There is a fiscal impasse in American politics. But I must insist that it is not primarily an impasse between the president and the Congress. The impasse is a Main Street impasse.
Inside each of us is a President Reagan and a Speaker O'Neill. We love low tax rates. At the same time we insist on social security, health programs, defense expenditures, bank insurance, farm aids, and a safety net for the unemployed, handicapped, and aged.
In real life, the story does not come to a final end with election day, where everyone lives happily ever after.
I realize that promises are made to be broken. But Mr. Bush cannot be expected to approve an increase in taxes - not, at least, in his first year in office. He must hope that the opposition will force his hand, dragging him kicking and screaming toward some compromise that will resolve the impasse.

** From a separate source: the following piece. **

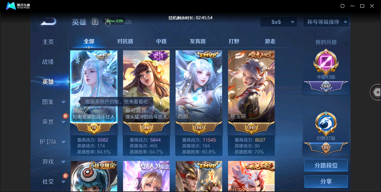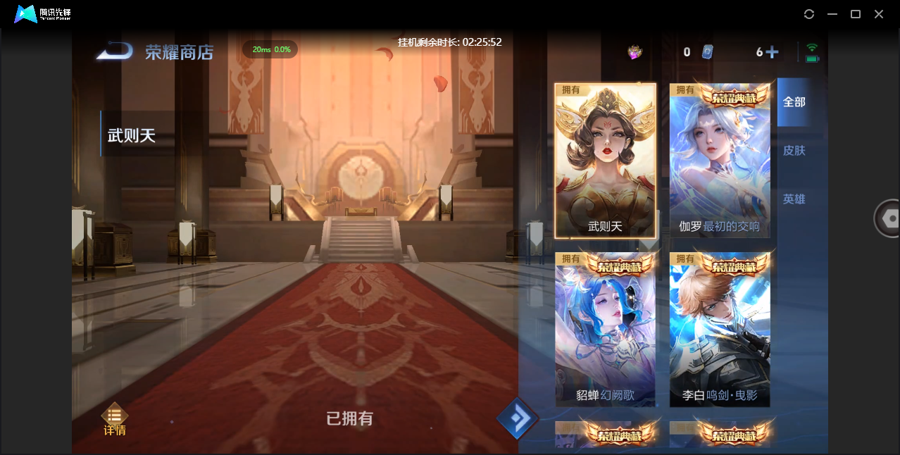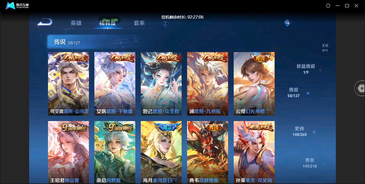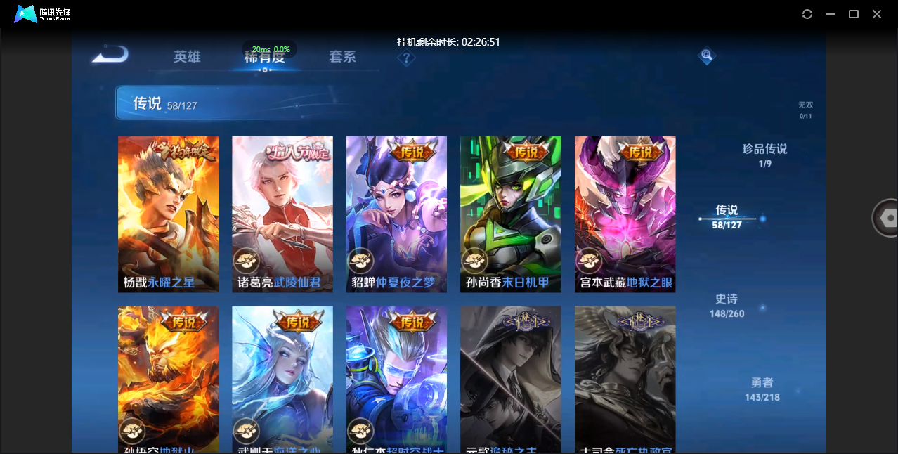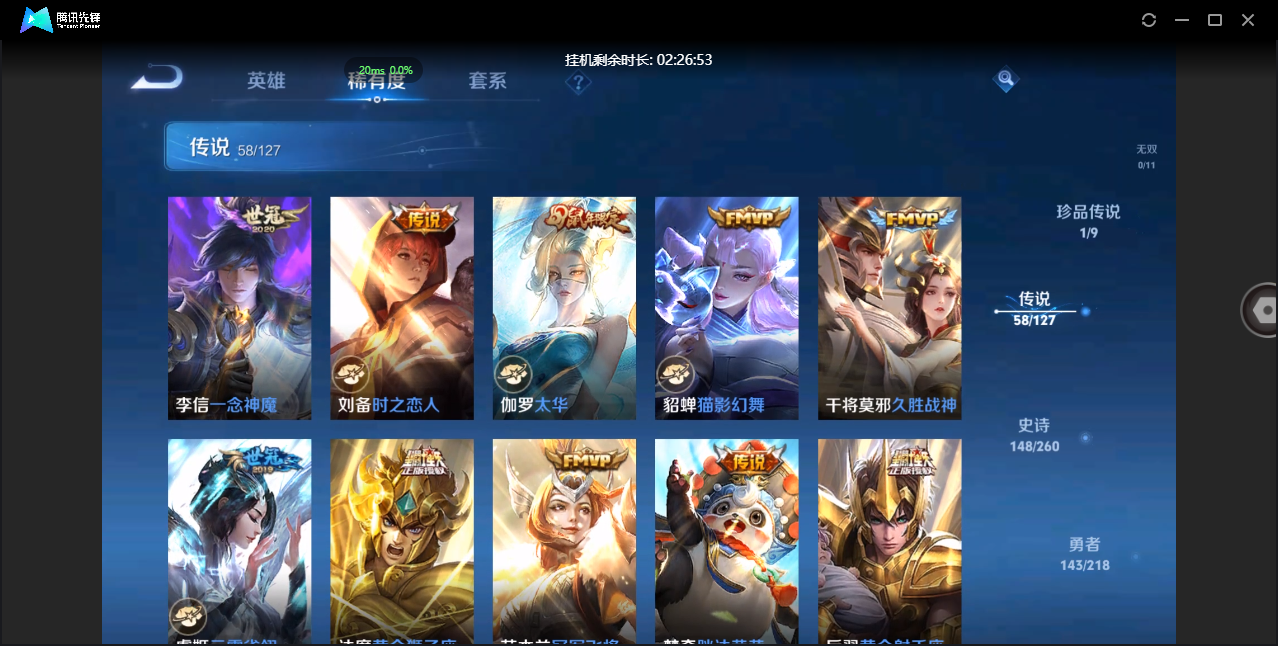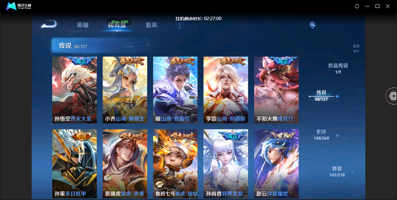 贵族等级:v6皮肤数:80传说品质5 情人节限定1 生肖限定1 英雄数:100

Michael Boskin, drafted from Stanford to advise Bush on economics, knows that the present US full-employment economy can't possibly grow its way out of the structural deficit: That would take 3 to 4 percent annual growth rates for half a decade; by contrast, Federal Reserve chairman Alan Greenspan knows that anything sustained above 2 percent a year will reignite inflation.
Wall Street knows that continuation of supply-side Reaganomics will be bad news for the bond market. And, probably, for the stock market.
This helps explain Wall Street's sell-off of stocks and bonds the morning after its candidate's victory. It also makes it easier to understand the mid-November depreciation of the dollar, and the likely further depreciations down the road after the Group of Seven has squandered some tens of billions of dollars in a vain attempt to defend the impossible and peg exchange rates at last summer's levels.
What New York knows, London knows. Tokyo knows. And so does Frankfurt, Zurich, Madrid, and Singapore.
Agreed, then, that the budget deficit will not go away of its own accord. Public opinion will neither coerce the White House into accepting new taxes nor coerce Congress into accepting Draconian spending cuts.
My only conclusion, then, is that the two deficits will continue in 1989-90.
Fortunately, our likely failure to take more than token action against these deficits does not necessarily entail a 1989 recession or a 1989 flare-up of double-digit inflation.
The insidious danger of Reaganomics - a low-saving America that gradually goes deeper into foreign debt - presents itself as a comfortable evil for us and for foreigners. That is why it is insidious. And, alas, why it is likely to persist for much of the new president's first term.
Can the world live with this? It will have to. And I believe it can.